Married 24 years, no kids. We realized that my husband is an alcoholic about 7 years ago. A very successful man, life fell apart. He went through 3.5 years of "trying" to get sober - a nightmare of constant relapsing - life was horrible. I left, legally. He hit bottom hard - could've died, had an epiphany, mended his life. I went to Alanon and was in therapy, worked on myself. We got back together almost a year later. 2.5 years sober, life was wonderful. I love him. Smart, talented, kind, generous, evolved, patient. We work for each other on many levels. A year ago, death in his family = relapse. He went back to AA. Now, just found a bottle of booze and he's admitted he's been drinking again for months. I couldn't tell.
I'm now in my late 50's. I've grown, love my life, my friends, my home, my husband. I don't have a career but very busy and focused on that. What frightens me the most is that when I found the alcohol, the excuses, the conversation - were verbatim. It feels like there has been no growth. Tons of growth on other levels of life, but this? His first comment/excuse, after lying about drinking, was that this wasn't really a relapse because he was not drinking to the point of getting drunk. He knows better. He goes to AA 3 days a week and has still been drinking. I told him that in order for me to stay, he needs to do more, up the ante, get more help and he refuses. He's already had rehab, therapy at leading hospital, anti-alcohol drugs and antidepressants, hypnosis, AA, counseling, sponsor - you name it. He's tried it all. He says that the only person who can stop him from drinking is himself and NOW he's going to do it. (which in the past he describes as a "dry drunk") As I'm deciding what I'M going to do - if I could see growth, I'd feel more hopeful. I'm talking about that deep growth, where we're all actually able to change.

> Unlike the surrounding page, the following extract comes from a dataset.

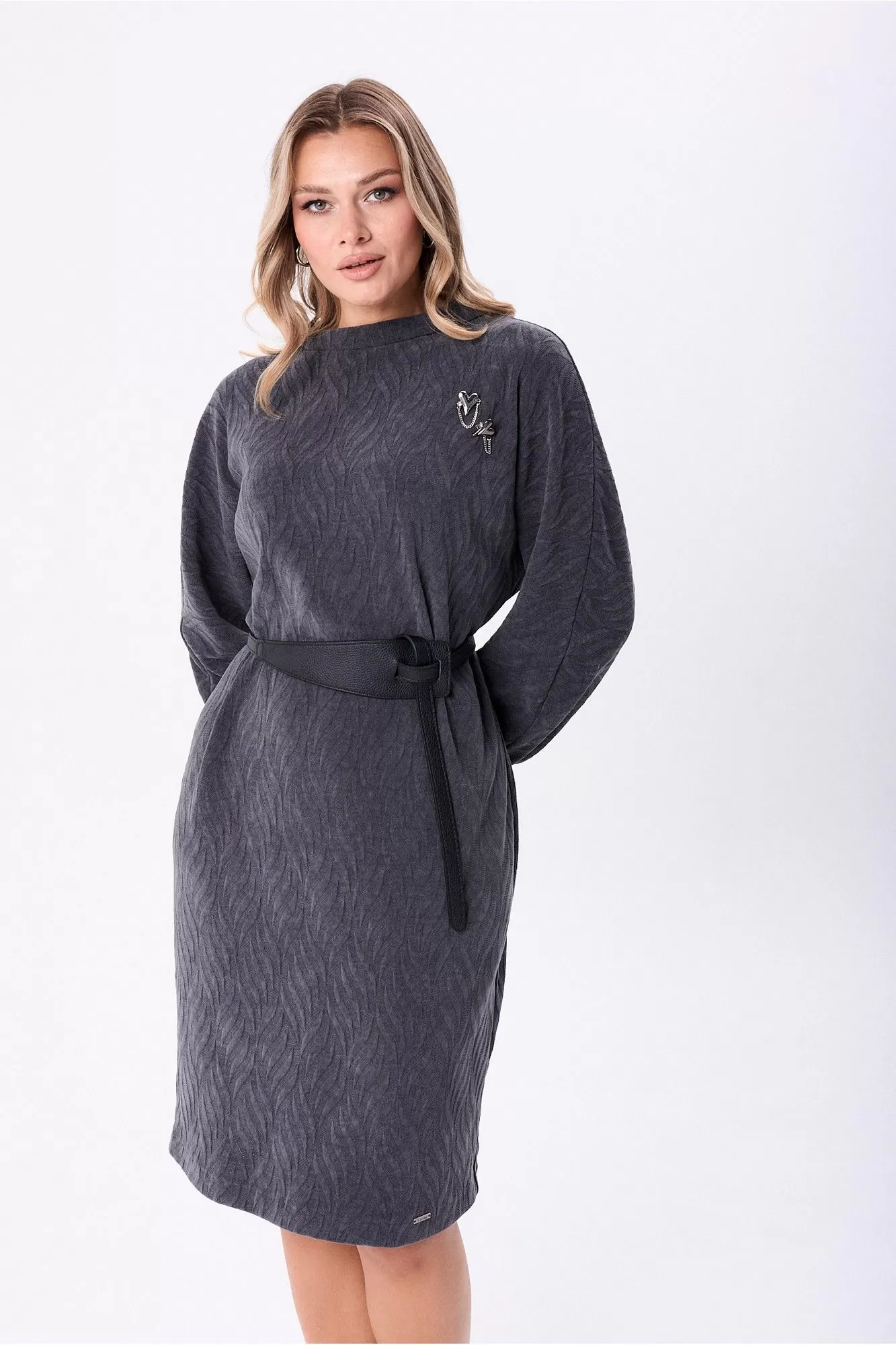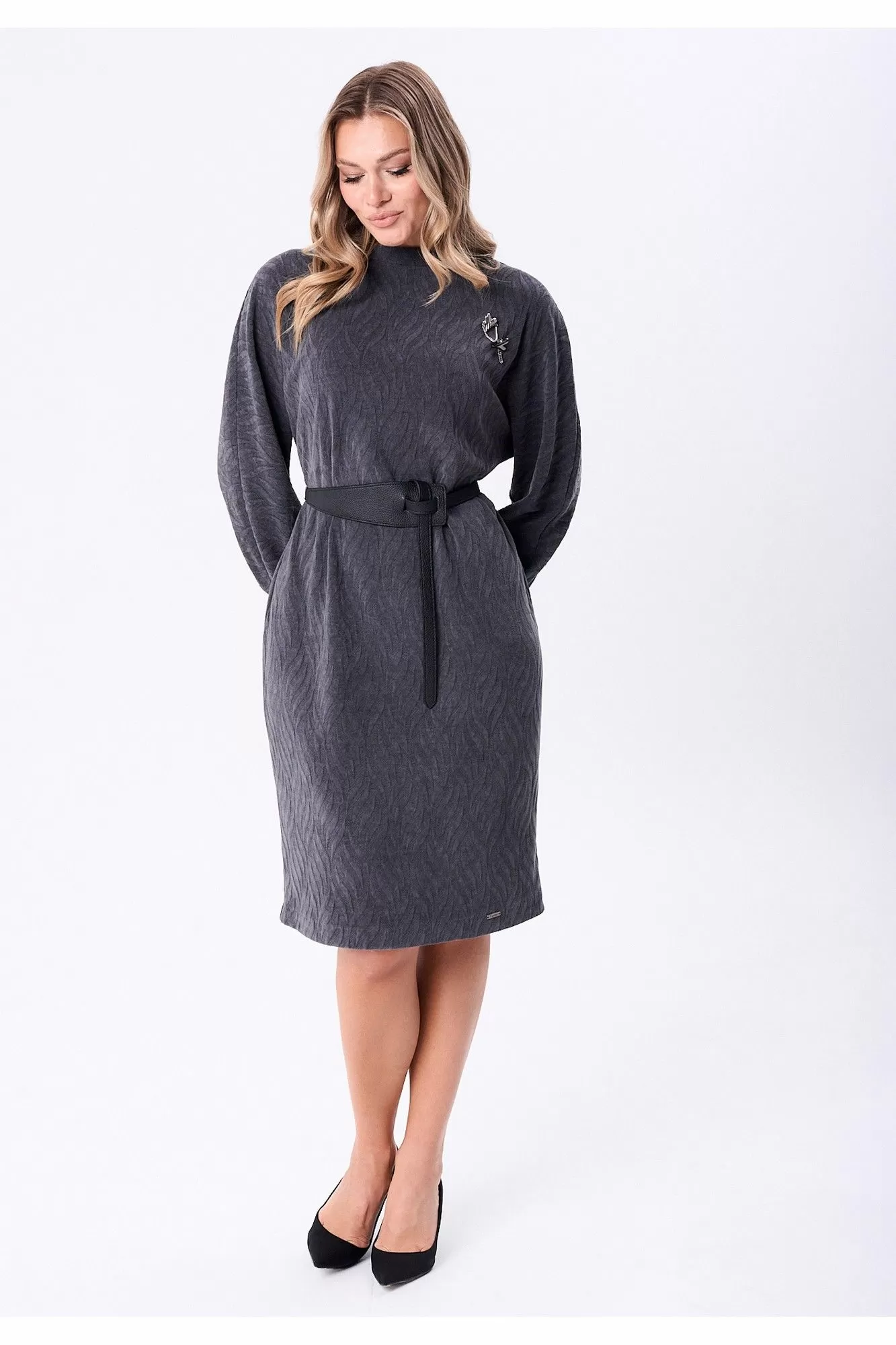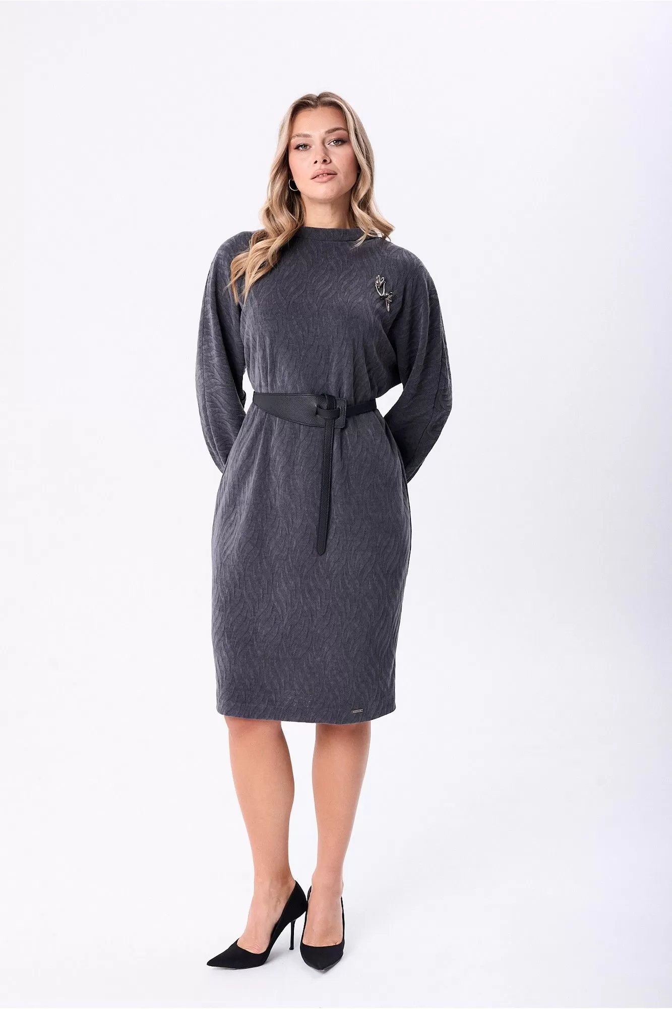 Трикотажное платье свободного силуэта с рукавом летучая мышь. Рукав со складками на манжете, воротник стойка. Молния в среднем шве спинки. Платье без подкладки, в комплекте пояс из экокожи.

For me? Stay with the man that I love and I will, without that growth, in all likelihood be facing this again at 70. And 80. And spiral again into that horrible abyss, kill him and destroy our life. Leave and I leave my best friend, will have to start from scratch financially, and accept that I may be alone for the rest of my life. Sad to go, sad to stay. I'll start therapy next week.
Does anyone have any thoughts or experiences that might help me see through this? Thank you!